« On continue de me demander pourquoi tu es parti à ce moment-là ? Je pense que la vraie question est pourquoi est-ce que je suis resté si longtemps ? », interroge Noam Bardin. Ancien employé de Google, Noam Bardin a travaillé pendant 7 ans pour le compte du géant en tant que PDG de Waze avant de démissionner en septembre 2020. Ce n’était pas pour une meilleure opportunité, et ce cas n’est pas non plus un cas isolé. Le New York Times a interrogé quinze cadres de Google, aussi bien en poste qu’ayant quitté l’entreprise, et les mêmes sons de cloches résonnent. L’entreprise souffre de sa taille et de sa direction. Actuellement plongé dans un procès antitrust, Google fait face à des défis à la fois juridiques et internes.

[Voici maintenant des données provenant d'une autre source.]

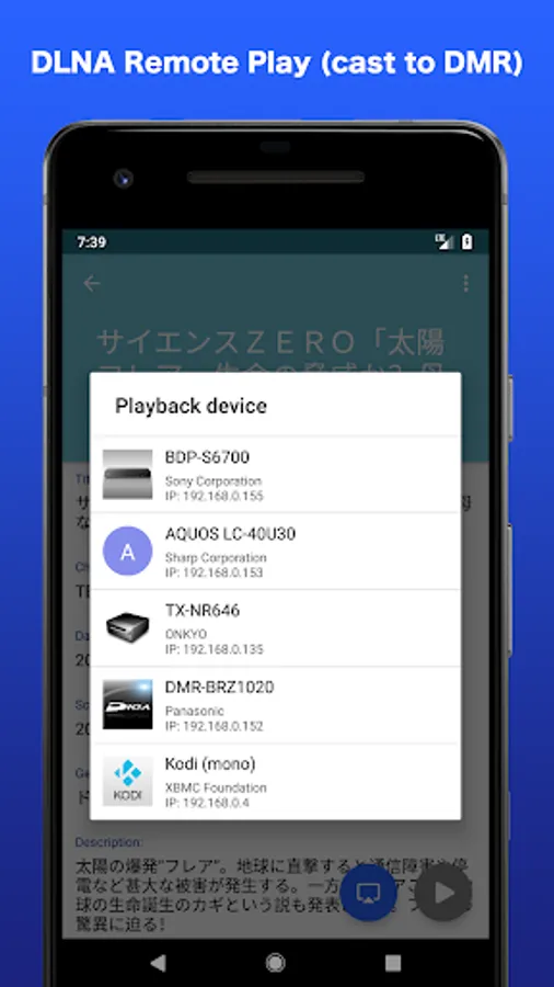 Although it carries the minimum playback function of movies, still images and music, it features a metadata display function of server and contents rather than usability as a player.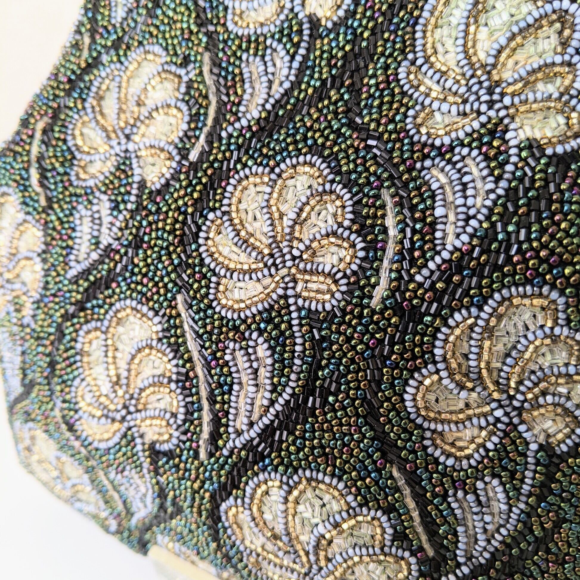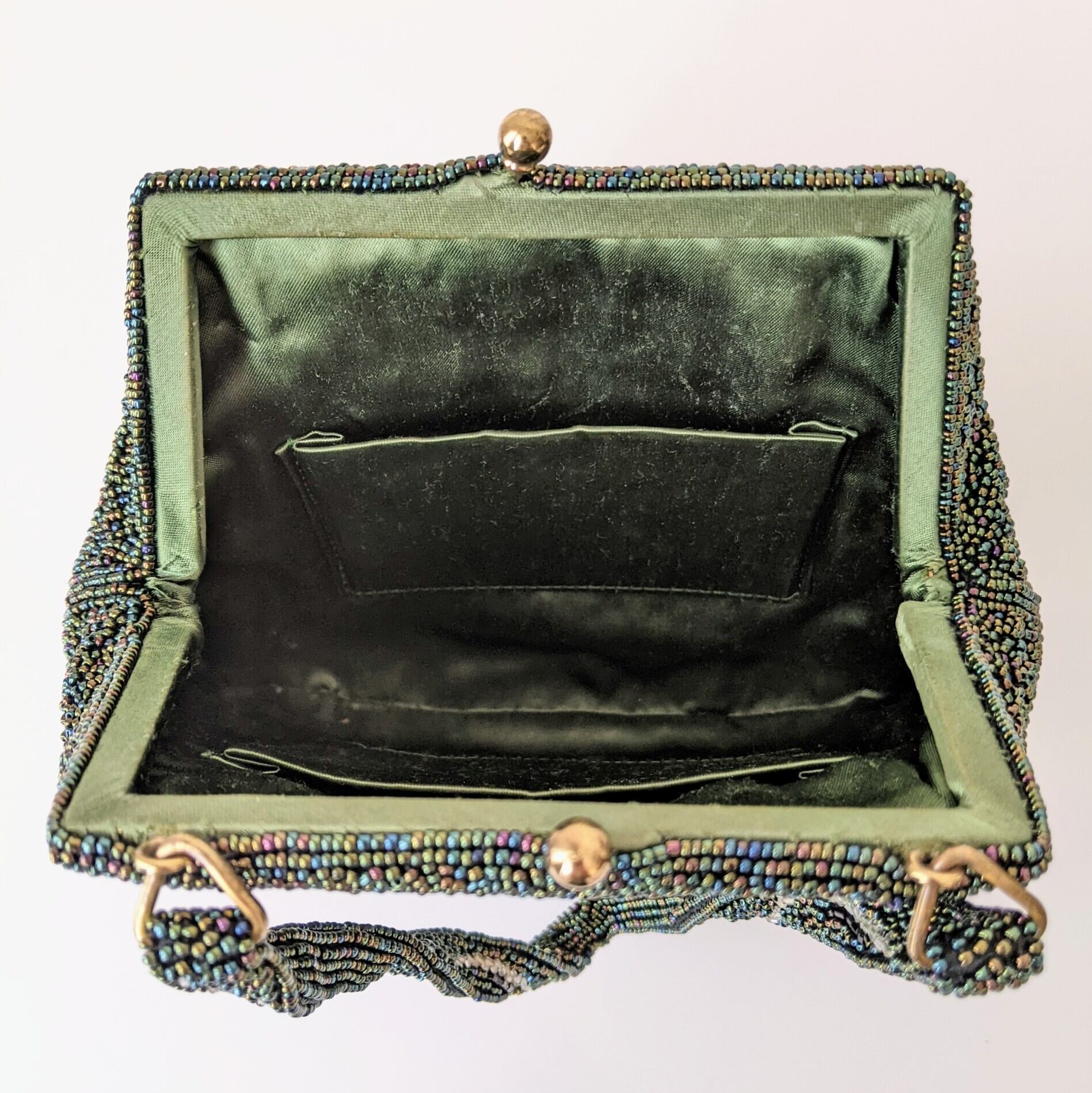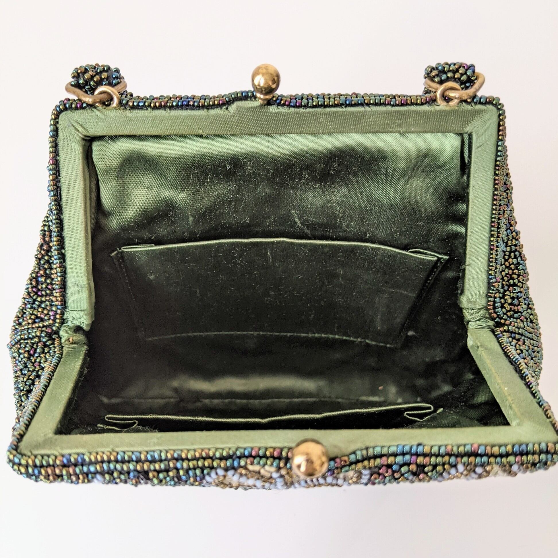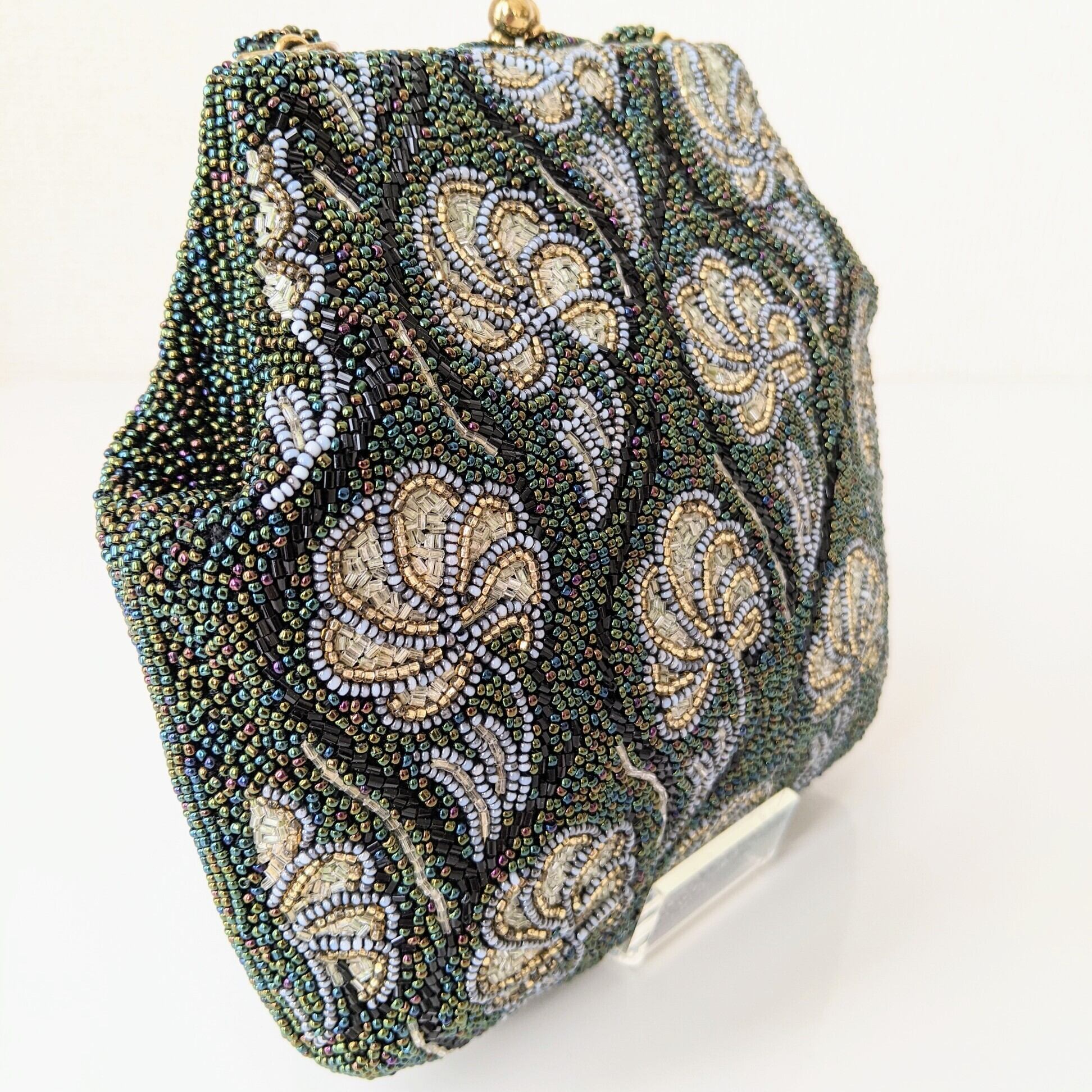 【Vintage】ビーズ刺繍バッグ Vintage Beaded Bag 深緑 花模様 パーティーバッグ 昭和レトロ 大正浪漫 フォーマルバッグ

Le management du PDG de Google, Sundar Pichai, ne plait pas, voire effraie. Preuve à l’appui, les sources du New York Times ont demandé l’anonymat par crainte d’irriter le groupe et son président. Autre élément avancé, l’étouffement d’accusations de harcèlement sexuel à l’encontre de certains hauts responsables. Des plans de sorties, et parfois même des parachutes dorés, ont été attribués aux personnes accusées.

La lenteur des prises de décision de Google pèse sur les employés

Mais les langues seraient en train de se délier et le New York Times écrit le 21 juin 2021 que « les salariés de Google sont de plus en plus francs ». Enfin cela peut se faire à leurs dépens. En témoigne le licenciement de Timnit Gebru, ancienne chercheuse du groupe spécialiste dans l’éthique de l’intelligence artificielle (IA) qui a élevé sa voix sur le manque de diversité au sein de l’entreprise et les déviances de l’IA. Une pétition signée par 2 000 employés pour contester ce licenciement et Sundar Pichai a fini par envoyer un mail en s’engageant à rétablir la confiance perdue.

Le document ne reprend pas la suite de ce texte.